Marc Labrèche finds himself suspended in the air, talking upside down and climbing the walls in the innovative restaging of Needles and Opium, which will have its Australian premiere at the 2014 Adelaide Festival.
The actor, who was also in Canadian theatre-maker Robert Lepage’s original production 20 years ago, says the new version is “more like a 3D play”.
Scenes take place in a cube against which video images are projected and an acrobat (Wellesley Robertson III) plays the character of Miles Davis in what was described by one reviewer as “theatrical magic”.
The suspended actors also add an element of levity to a work with themes of drug addiction, displacement and creative genius.
“Of course there are some sad things about anguish and lack of self-confidence and pain and suffering,” Labrèche tells InDaily.
“But the play itself is, like, you see two guys in the air talking, spinning [on harnesses] … so it adds a lot of lightness.
“And it’s fun to do; it’s fun to be suspended and just doing some flickbacks and talking while we have our heads upside down, and people laugh because of that, and still I think they’re moved by the wonderful text and the scenography and the feeling of the show.”
Needles and Opium is presented as a series of vignettes inspired by the stories of opium-addicted French poet and film-maker Jean Cocteau, who visited New York in 1949, and heroin-dependent American jazz player Miles Davis, who stayed in Paris at the same time. Forty years later, their pain is echoed by the emotional torment of a lonely Quebec man called Robert, who is also at a hotel in Paris, trying to forget his ex-lover.

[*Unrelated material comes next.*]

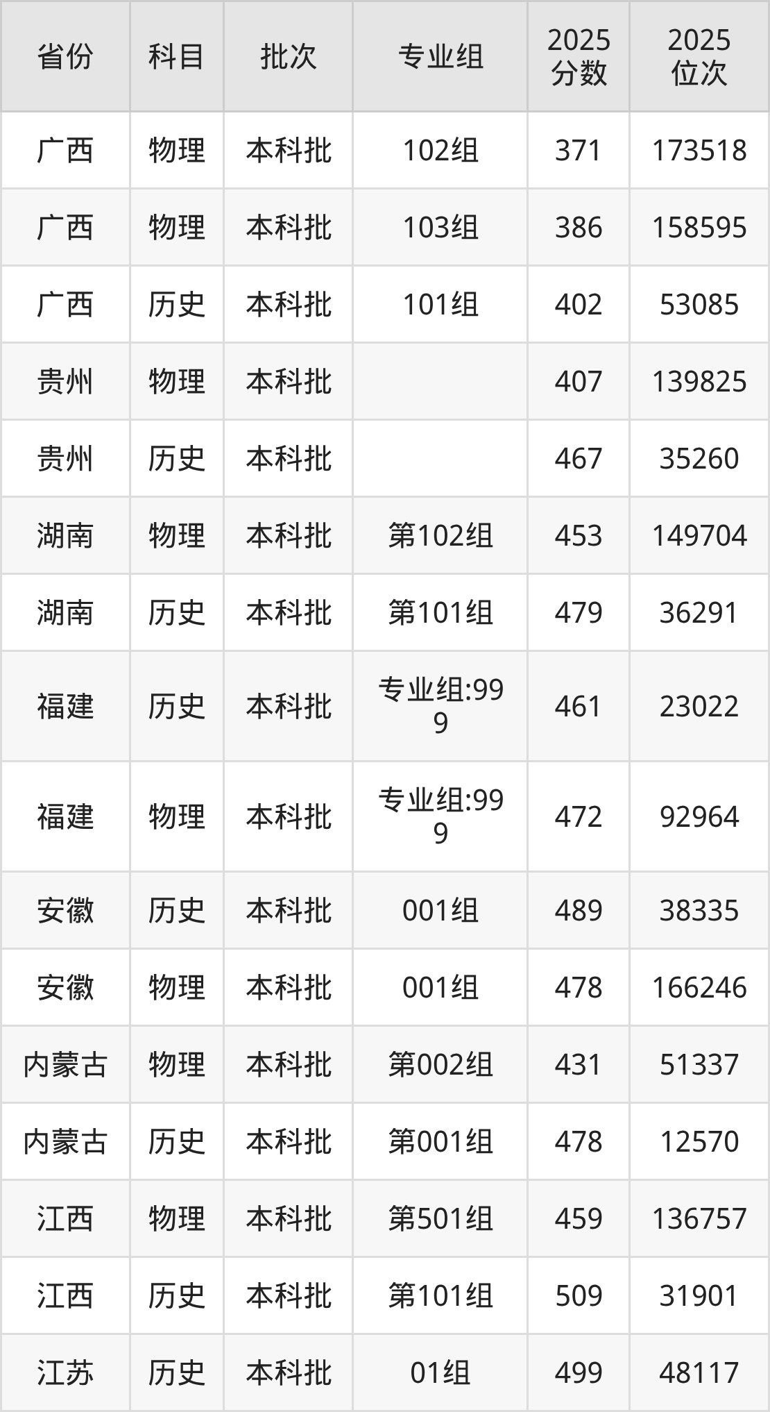 2025年湖北经济学院法商学院全国录取分数线是371分到537分,录取最低在广西物理类(102组)、录取最高在海南(专业组01)。各省各专业组最低分具有差异,详情如下:

Asked if there is a central message about the link between pain, addiction and creative genius, Labrèche says: “Of course pain, addiction and creativity and genius are beautiful things for theatre and for building a play and a character, but it’s a very romantic ideal; the thing is, the truth is that Robert was heartbroken when he created the show and it was really the story about a young 30-year-old man at that time who was in Paris and in a hotel room to try to cope with his pain …
“There’s a question at the end of the play: If you don’t have Miles Davis’s or John Cocteau’s genius, how do you cope with your pain? How can you transform your sadness and your pain and make it creative and beautiful? That would be the main question of this version of the play now.”
When Labrèche first acted in the play 20 years ago, he was fascinated by the synchronicity of the stories of Cocteau and Davis – how Cocteau was visiting New York at the same time Davis was in Paris, and the similarity of their experiences.
The actor was especially entranced by Cocteau’s Lettre aux Americains (Letter to Americans), which he wrote on his way home, recounting his impressions of New York and American people.
“They were very strong letters and very strong ideas which 20 years later [after the first production of Needles and Opium] you understand very differently.
“I wanted to revisit that because it was still appealing to me … John Cocteau asks the good questions about what’s the purpose of all this, do you need to suffer to be creative, what’s the point of love in life?
“All those stories are still very interesting to me and it’s still very romantic and it’s still very important to me at 50, even if I’ve lost some dreams since I was 20 years old.”
There is also a certain synchronicity in Labrèche’s involvement with the play. He has been a fan of Cocteau for many years, having grown up in Montreal at a time when the filmmaker was very popular and many of his movies were being shown in the cinema. Labrèche’s father was also an actor from the French school of acting after World War II, at which time Cocteau was a strong influence.
“It’s like a family story, this love for John Cocteau,” he says.
“When I was reading the Letter to Americans that he wrote and that inspired Robert Lepage to create the play, it was like meeting someone I knew already.”
Needles and Opium will be presented at the Dunstan Playhouse at the Adelaide Festival Centre from March 13-16 as part of the Adelaide Festival.